* [Task to complete]: Exact copies of the lines below, from the one with "加氫反應(yīng)分為吸熱" up to and including the one with "小题1:图中柑橘的分布充分反映了农业生产布局的特征是", are what this calls for; leave out pictures.

Collection entries

────

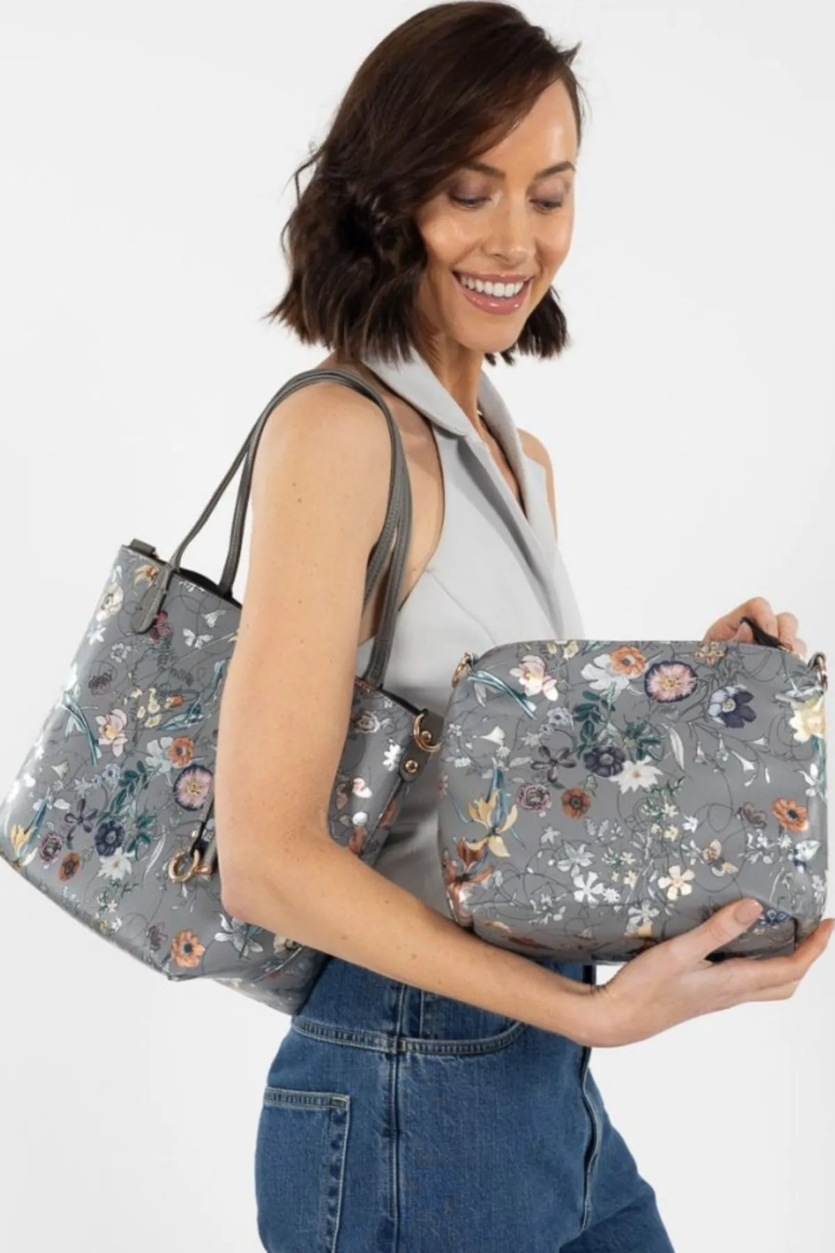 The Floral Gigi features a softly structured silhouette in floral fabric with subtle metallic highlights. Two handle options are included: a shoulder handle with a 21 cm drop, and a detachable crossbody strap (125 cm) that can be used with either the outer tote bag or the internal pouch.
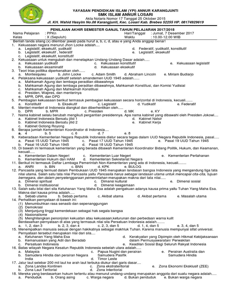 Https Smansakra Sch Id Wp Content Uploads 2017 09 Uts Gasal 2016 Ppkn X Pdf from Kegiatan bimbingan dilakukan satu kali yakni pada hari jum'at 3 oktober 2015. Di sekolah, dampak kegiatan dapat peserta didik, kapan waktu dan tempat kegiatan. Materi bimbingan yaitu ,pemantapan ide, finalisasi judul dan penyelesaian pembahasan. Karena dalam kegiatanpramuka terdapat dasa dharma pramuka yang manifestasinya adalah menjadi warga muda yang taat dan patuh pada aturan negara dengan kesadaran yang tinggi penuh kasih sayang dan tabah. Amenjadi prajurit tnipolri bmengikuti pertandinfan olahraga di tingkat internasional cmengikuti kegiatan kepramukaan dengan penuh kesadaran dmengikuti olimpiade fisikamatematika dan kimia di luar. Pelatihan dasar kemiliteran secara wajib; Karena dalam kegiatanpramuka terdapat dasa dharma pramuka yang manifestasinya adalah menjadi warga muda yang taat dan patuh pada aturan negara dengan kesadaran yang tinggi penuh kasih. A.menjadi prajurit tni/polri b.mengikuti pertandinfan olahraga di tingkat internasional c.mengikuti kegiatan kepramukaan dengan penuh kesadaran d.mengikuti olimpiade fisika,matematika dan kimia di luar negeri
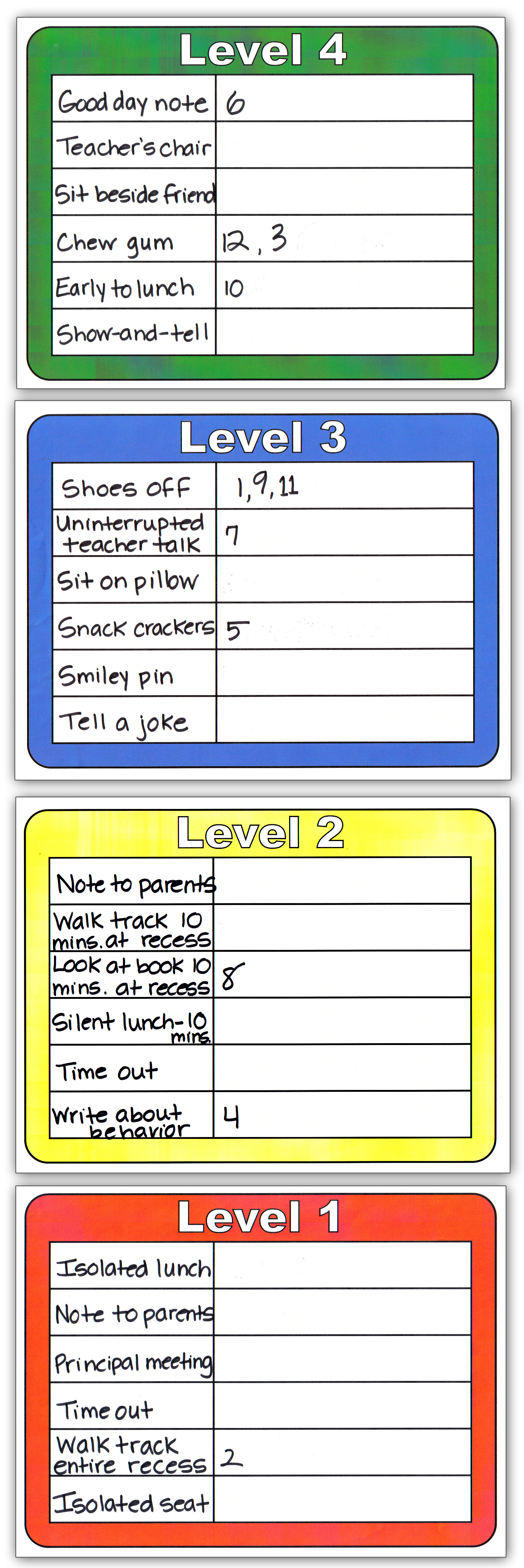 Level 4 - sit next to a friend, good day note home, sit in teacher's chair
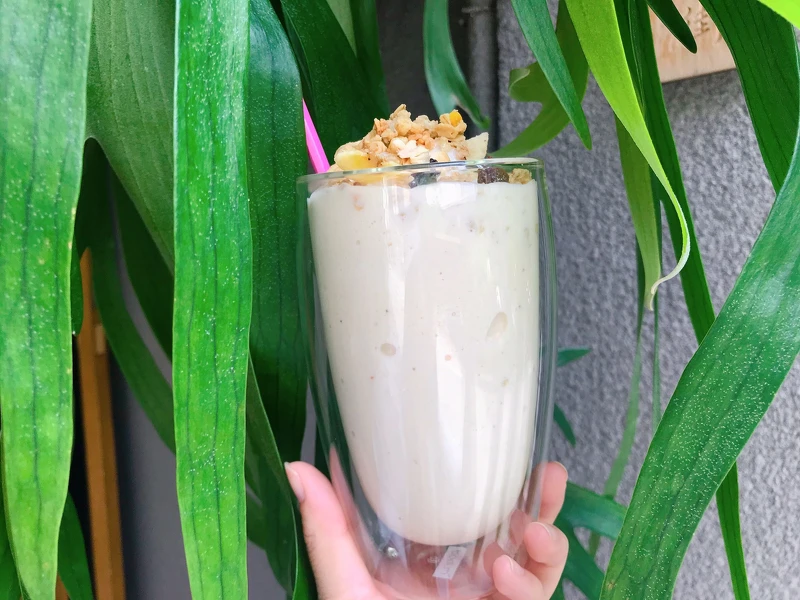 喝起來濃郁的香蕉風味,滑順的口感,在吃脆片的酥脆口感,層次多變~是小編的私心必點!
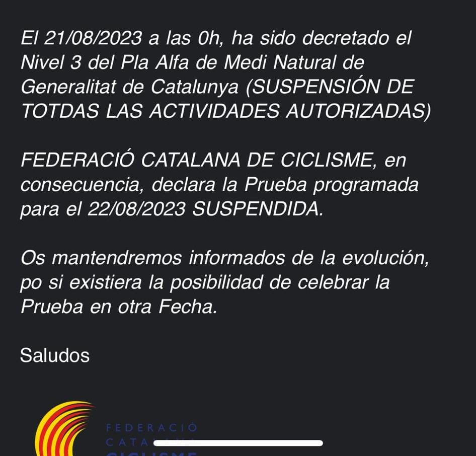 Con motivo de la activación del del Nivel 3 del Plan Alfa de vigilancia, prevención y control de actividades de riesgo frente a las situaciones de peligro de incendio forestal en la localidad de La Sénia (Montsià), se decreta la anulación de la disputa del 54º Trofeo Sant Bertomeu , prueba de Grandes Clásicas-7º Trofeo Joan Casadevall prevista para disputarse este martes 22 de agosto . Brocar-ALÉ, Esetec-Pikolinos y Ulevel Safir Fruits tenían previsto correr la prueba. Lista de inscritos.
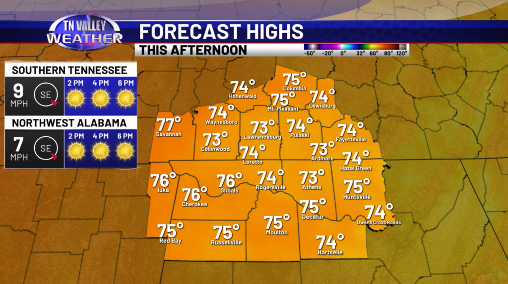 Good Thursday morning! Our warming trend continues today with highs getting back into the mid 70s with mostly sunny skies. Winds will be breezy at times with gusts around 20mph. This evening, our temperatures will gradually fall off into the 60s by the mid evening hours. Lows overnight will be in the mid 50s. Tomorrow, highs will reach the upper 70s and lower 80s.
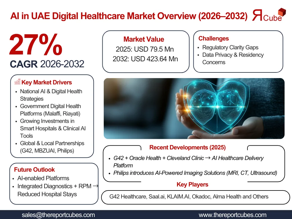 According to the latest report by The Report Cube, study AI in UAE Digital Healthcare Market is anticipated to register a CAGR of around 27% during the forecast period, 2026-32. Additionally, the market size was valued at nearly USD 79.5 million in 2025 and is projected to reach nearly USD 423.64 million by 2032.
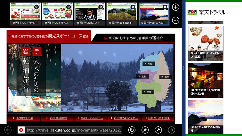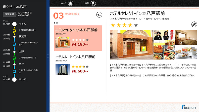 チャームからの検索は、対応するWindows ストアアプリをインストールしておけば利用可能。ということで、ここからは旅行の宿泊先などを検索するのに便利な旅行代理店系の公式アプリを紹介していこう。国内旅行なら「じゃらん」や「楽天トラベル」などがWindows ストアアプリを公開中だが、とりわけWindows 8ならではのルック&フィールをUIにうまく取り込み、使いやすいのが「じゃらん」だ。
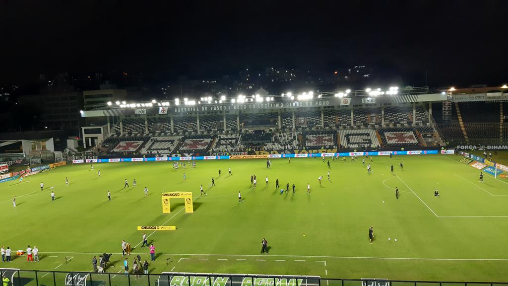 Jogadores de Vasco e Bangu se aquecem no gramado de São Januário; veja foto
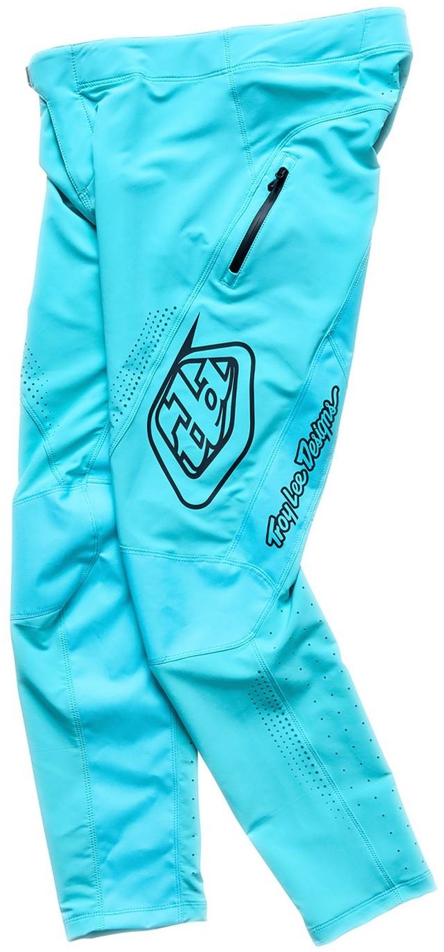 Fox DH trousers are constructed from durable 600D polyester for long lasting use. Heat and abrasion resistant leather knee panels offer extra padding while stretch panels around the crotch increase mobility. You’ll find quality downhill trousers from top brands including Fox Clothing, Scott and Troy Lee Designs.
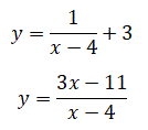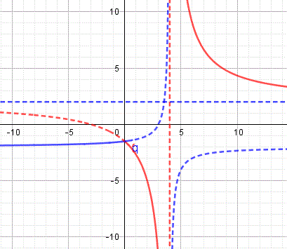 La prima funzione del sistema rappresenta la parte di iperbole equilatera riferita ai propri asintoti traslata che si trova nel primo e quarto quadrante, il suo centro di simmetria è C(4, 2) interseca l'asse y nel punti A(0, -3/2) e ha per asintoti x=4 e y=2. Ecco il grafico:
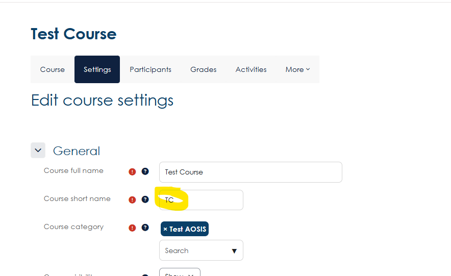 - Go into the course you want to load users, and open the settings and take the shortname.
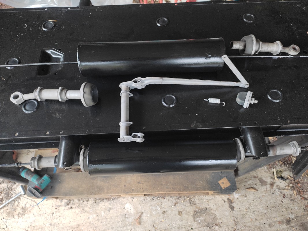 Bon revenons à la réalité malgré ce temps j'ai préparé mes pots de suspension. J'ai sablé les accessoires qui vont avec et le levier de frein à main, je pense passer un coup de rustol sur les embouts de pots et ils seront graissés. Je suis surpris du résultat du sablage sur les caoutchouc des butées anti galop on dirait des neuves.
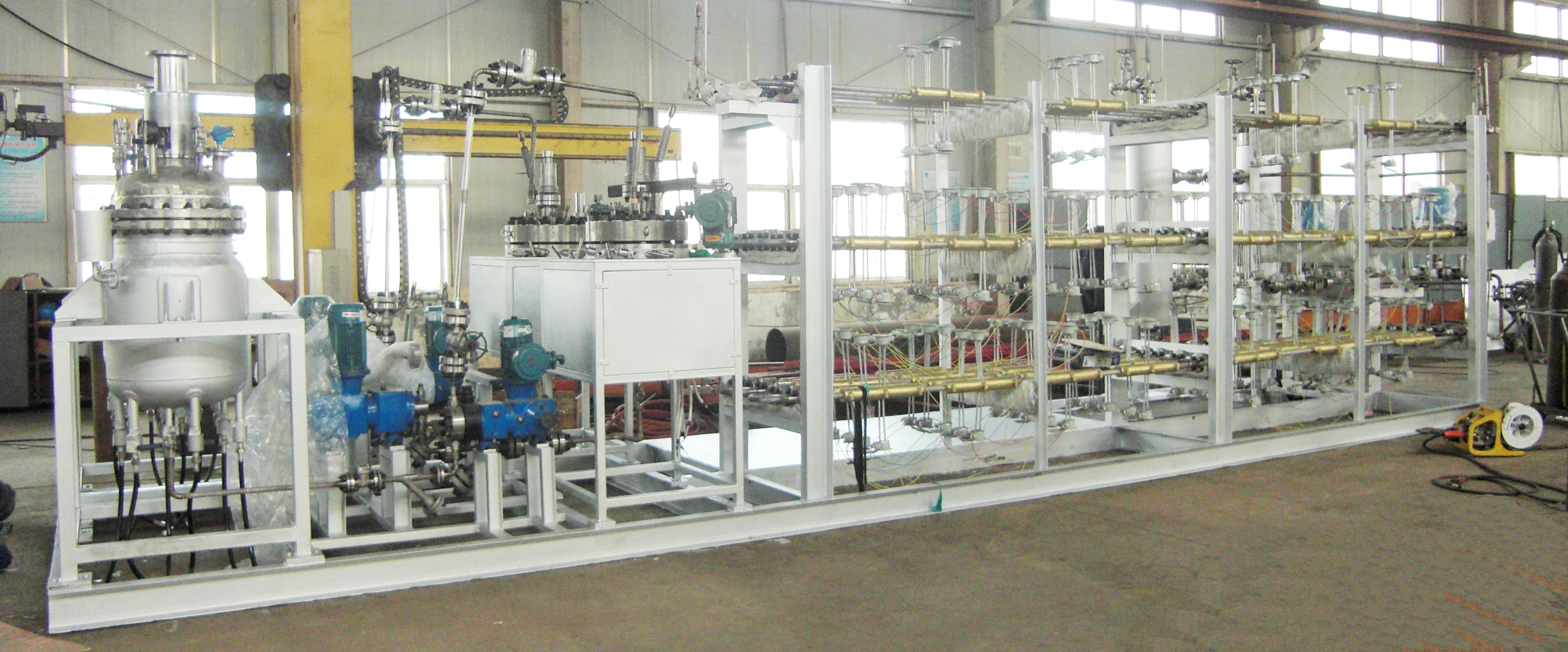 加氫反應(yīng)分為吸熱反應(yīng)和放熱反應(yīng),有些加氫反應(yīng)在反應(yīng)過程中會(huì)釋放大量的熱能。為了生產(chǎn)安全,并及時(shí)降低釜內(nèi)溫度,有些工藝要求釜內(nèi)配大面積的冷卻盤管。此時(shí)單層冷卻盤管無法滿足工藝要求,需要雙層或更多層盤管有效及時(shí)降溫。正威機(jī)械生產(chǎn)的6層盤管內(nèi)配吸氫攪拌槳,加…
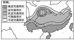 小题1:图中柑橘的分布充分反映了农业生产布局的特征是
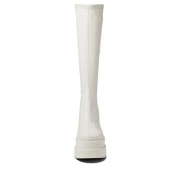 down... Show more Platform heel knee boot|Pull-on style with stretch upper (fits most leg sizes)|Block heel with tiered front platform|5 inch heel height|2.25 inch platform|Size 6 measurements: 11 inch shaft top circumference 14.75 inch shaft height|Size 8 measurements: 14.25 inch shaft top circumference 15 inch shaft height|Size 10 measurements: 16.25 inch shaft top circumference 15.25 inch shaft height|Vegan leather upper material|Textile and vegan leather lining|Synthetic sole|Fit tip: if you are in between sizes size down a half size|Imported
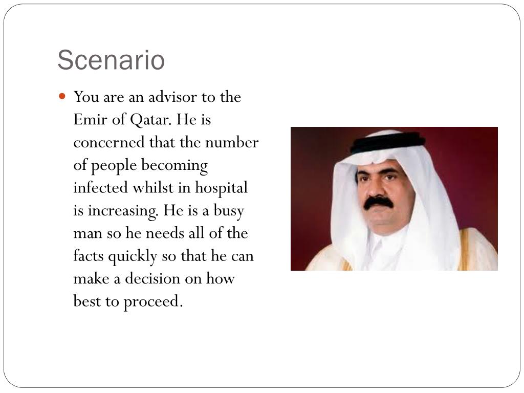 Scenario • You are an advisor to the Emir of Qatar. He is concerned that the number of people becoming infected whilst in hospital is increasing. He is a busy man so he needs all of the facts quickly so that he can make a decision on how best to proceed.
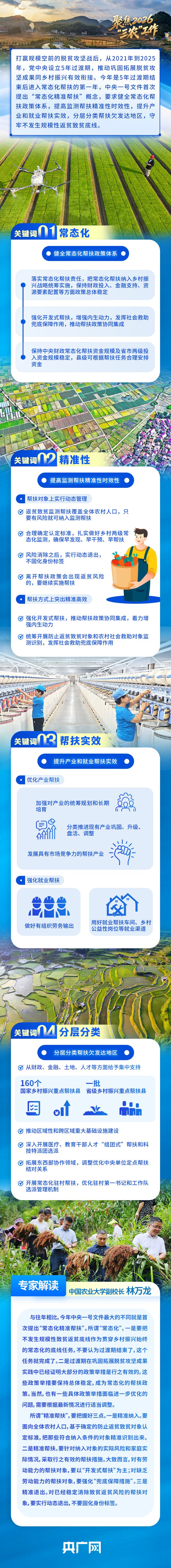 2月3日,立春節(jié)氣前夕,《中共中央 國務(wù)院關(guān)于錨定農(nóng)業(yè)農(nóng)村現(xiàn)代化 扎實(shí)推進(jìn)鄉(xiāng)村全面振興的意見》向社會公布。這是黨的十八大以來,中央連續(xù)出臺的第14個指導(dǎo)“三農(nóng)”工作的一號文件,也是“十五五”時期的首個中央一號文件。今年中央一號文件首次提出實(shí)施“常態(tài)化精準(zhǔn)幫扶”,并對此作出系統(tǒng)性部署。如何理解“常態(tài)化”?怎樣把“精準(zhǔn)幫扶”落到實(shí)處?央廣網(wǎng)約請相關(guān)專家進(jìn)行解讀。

────

* [Response]:
 加氫反應(yīng)分為吸熱反應(yīng)和放熱反應(yīng),有些加氫反應(yīng)在反應(yīng)過程中會(huì)釋放大量的熱能。為了生產(chǎn)安全,并及時(shí)降低釜內(nèi)溫度,有些工藝要求釜內(nèi)配大面積的冷卻盤管。此時(shí)單層冷卻盤管無法滿足工藝要求,需要雙層或更多層盤管有效及時(shí)降溫。正威機(jī)械生產(chǎn)的6層盤管內(nèi)配吸氫攪拌槳,加…
 小题1:图中柑橘的分布充分反映了农业生产布局的特征是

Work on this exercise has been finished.